▶ _Task to carry out_
Exactly the lines below from the line with "This is a 1981" through the line with "Met het Philips" must make up the answer, both ends included and pictures left out.

▶ _Records shown_
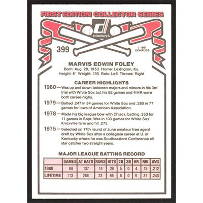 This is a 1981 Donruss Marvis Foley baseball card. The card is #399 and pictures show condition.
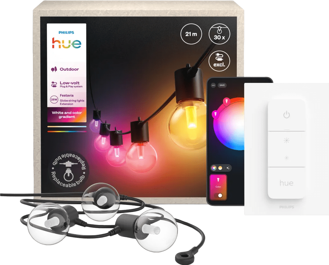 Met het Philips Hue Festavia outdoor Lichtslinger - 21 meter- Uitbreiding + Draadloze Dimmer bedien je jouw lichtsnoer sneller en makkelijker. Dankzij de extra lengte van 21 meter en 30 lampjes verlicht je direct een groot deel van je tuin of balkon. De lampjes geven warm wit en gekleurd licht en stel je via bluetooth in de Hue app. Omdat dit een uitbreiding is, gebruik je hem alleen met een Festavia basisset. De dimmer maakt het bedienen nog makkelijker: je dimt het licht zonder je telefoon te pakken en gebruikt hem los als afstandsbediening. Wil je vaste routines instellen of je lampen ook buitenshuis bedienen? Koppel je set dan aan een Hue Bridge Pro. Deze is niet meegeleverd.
...
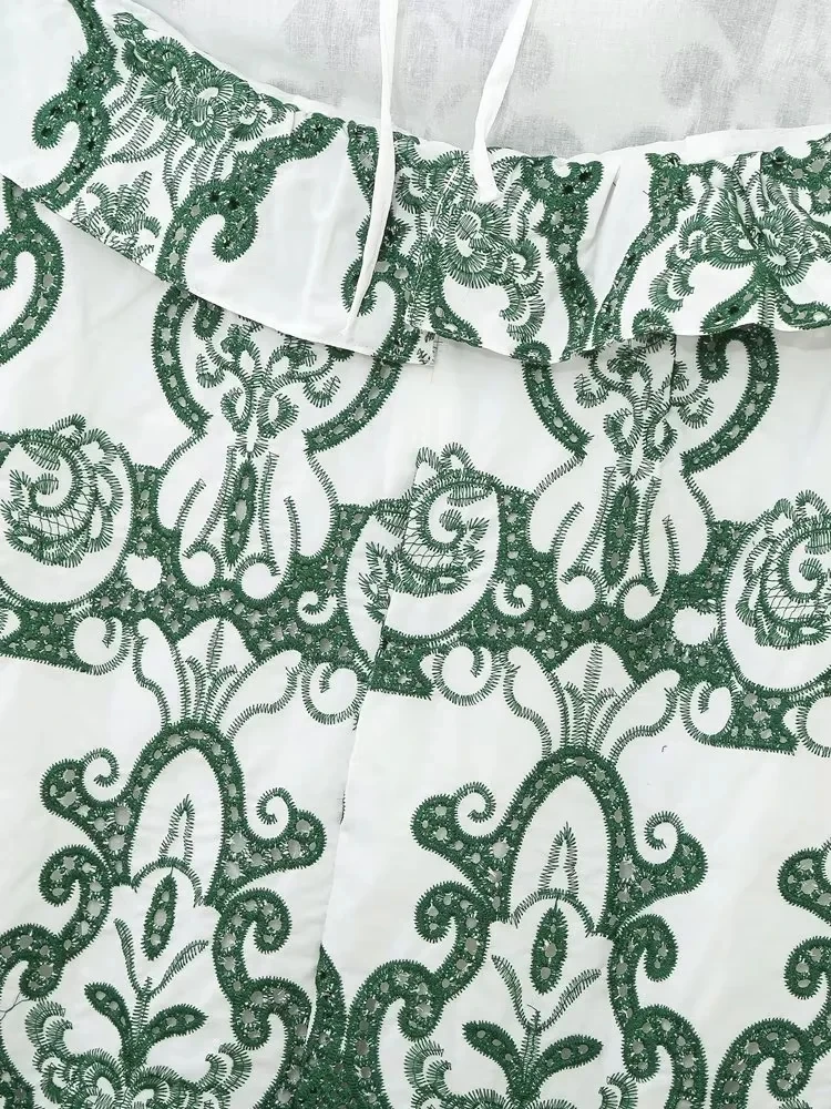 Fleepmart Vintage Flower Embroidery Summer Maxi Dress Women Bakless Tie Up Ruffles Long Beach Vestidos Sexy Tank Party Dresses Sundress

▶ _Written response_
 This is a 1981 Donruss Marvis Foley baseball card. The card is #399 and pictures show condition.
 Met het Philips Hue Festavia outdoor Lichtslinger - 21 meter- Uitbreiding + Draadloze Dimmer bedien je jouw lichtsnoer sneller en makkelijker. Dankzij de extra lengte van 21 meter en 30 lampjes verlicht je direct een groot deel van je tuin of balkon. De lampjes geven warm wit en gekleurd licht en stel je via bluetooth in de Hue app. Omdat dit een uitbreiding is, gebruik je hem alleen met een Festavia basisset. De dimmer maakt het bedienen nog makkelijker: je dimt het licht zonder je telefoon te pakken en gebruikt hem los als afstandsbediening. Wil je vaste routines instellen of je lampen ook buitenshuis bedienen? Koppel je set dan aan een Hue Bridge Pro. Deze is niet meegeleverd.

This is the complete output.